■ Source data:
= Beginning of Section =
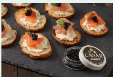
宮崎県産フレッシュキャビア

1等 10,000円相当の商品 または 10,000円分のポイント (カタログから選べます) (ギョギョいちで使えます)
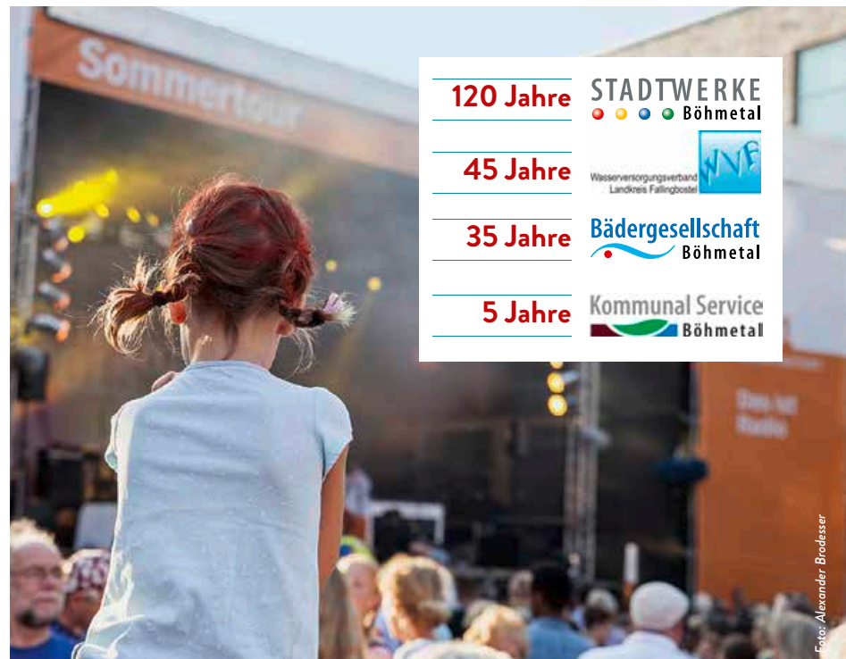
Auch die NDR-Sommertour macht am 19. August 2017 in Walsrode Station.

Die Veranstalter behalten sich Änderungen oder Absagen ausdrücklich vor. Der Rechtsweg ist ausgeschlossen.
= End of Section =
= Beginning of Section =
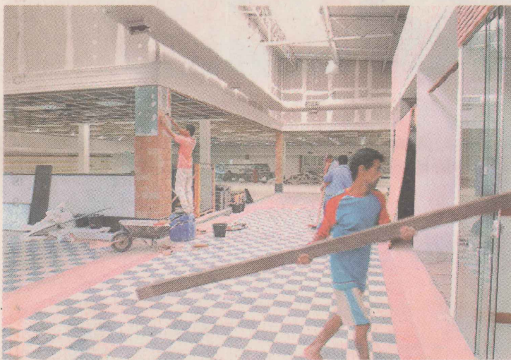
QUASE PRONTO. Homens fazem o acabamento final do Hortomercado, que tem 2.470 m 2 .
= End of Section =
■ What is needed:
From the records above, print only the lines between the one holding "Auch die NDR-Sommertour" and the one holding "Die Veranstalter behalten", inclusive, exactly as they stand.

■ Solved exercise:
Auch die NDR-Sommertour macht am 19. August 2017 in Walsrode Station.

Die Veranstalter behalten sich Änderungen oder Absagen ausdrücklich vor. Der Rechtsweg ist ausgeschlossen.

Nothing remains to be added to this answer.